Norway’s climate is mostly influenced by the sea, with warm lowland temperatures along the sea shores. Whereas the inland regions are colder than other places in the world at such northerly latitudes. It is also noticeably milder. Temperatures over freezing point are typical along the shoreline in the north, even during the polar night. Some sections of the country experience heavy rainfall and snowfall due to the oceanic effect.
- GENDER EQUALITY IN NORWAY
The nation is among the most gender-equal nations in the world in terms of “economic participation and opportunity, educational attainment, health and survival, and political empowerment.” Norway receives a score of 84.9% in the 2021 Global Gender Gap Index, placing it third in terms of gender parity.
Some prominent women in Norway include:
Marit Arnstad – Norweigan lawyer and politician for the Centre Party and former Minister of Transport in Norway.
Kristin Clemet – Norweigan politician of the Conservative Party.
Siv Jensen – Norweigan who served as the leader of the Progress Party and former Minister of Finance in Norway.
Grete Faremo – Norweigan politician, lawyer and business leader.
Sandra Borch – Norweigan politician currently serving as the Minister of Agriculture and Food.

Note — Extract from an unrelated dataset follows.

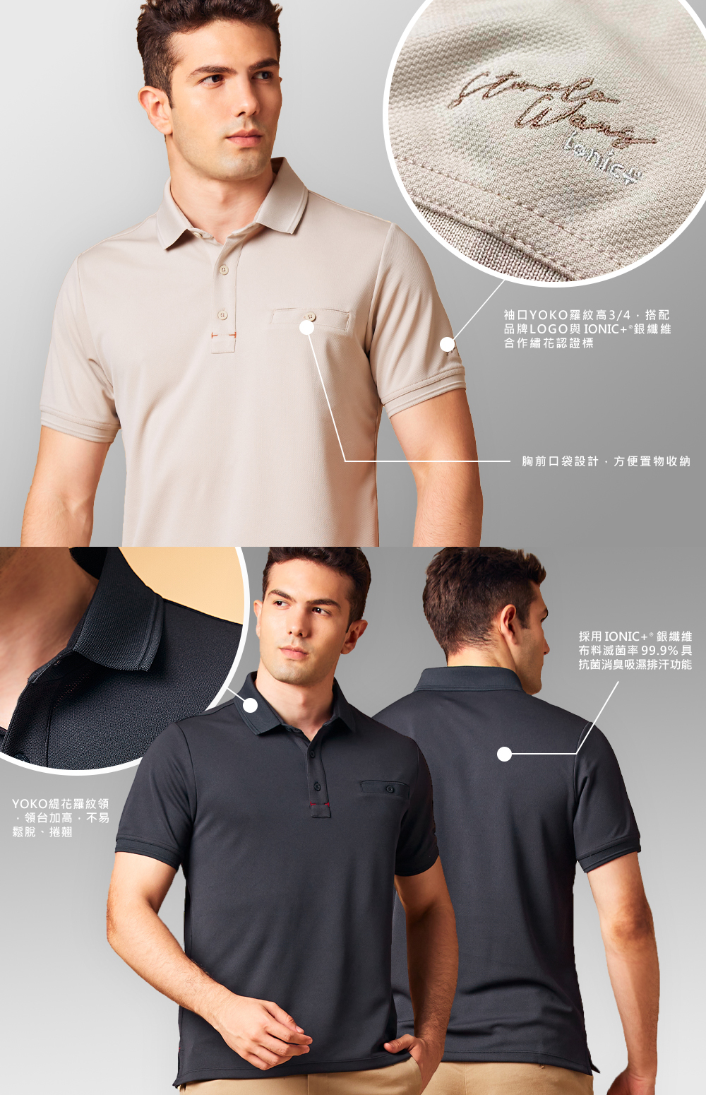 ▪ YOKO緹花羅紋領,領台加高,不易鬆脫、捲翹
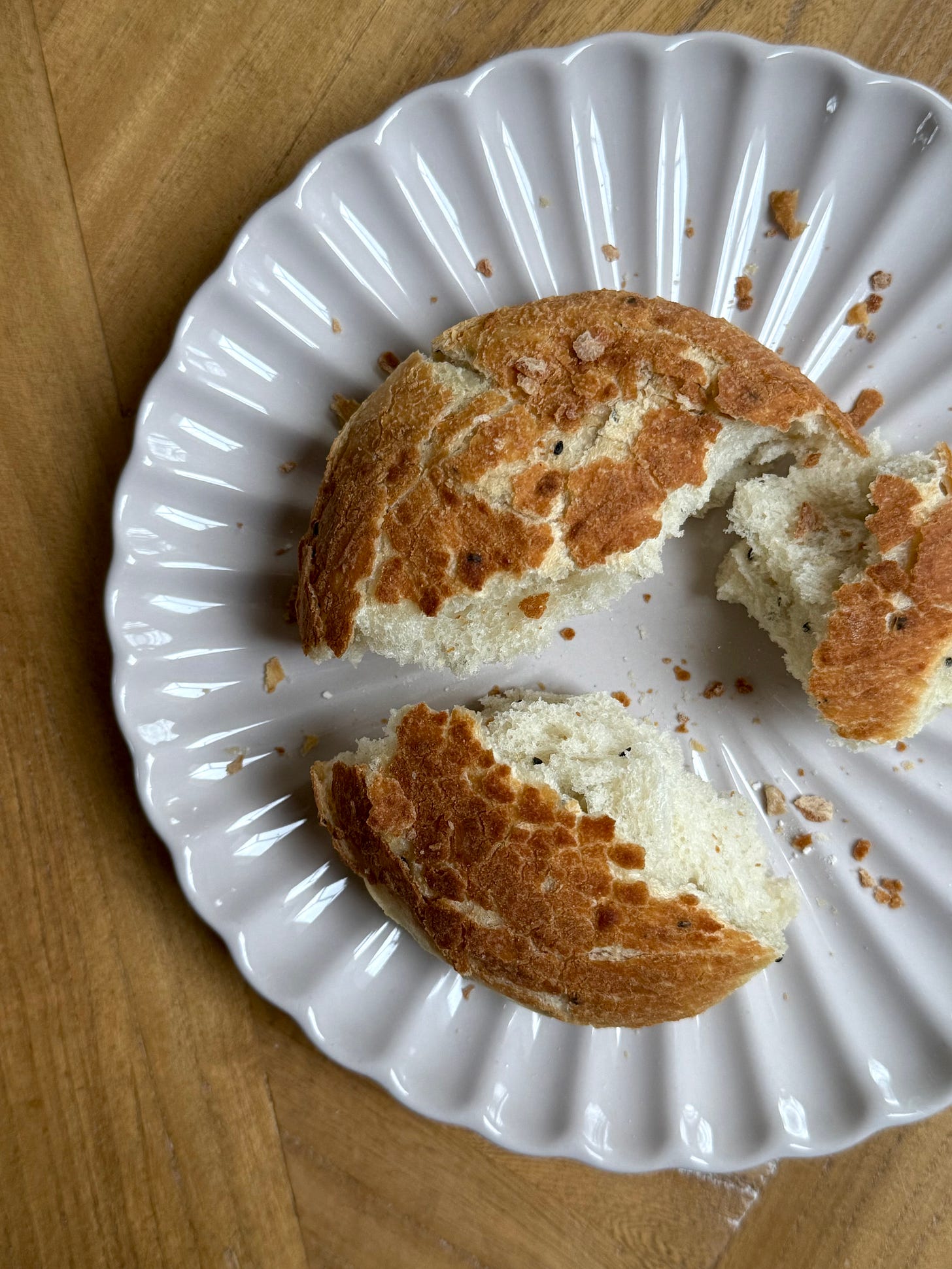 Place a tray of boiling water at the base of your oven before popping the tray into the oven. Bake for 20 to 24 minutes, until the rolls are beautifully golden brown and the bases sound hollow when tapped. Leave to sit on the tray for 30 minutes before transferring to a cooling rack.

Anniken Hauglie – Norweigan politician for the Conservative Party who served as Minister of Labour and Social Inclusion.
Tina Bru – Noreweigan politician for the Conservative Party who served as the Minister of Petroleum and Energy in Norway.
Sylvi Listhaug – Norweigan politician serving as the leader of the Progress Party. She also served as Minister for the Elderly and Public Health of Norway.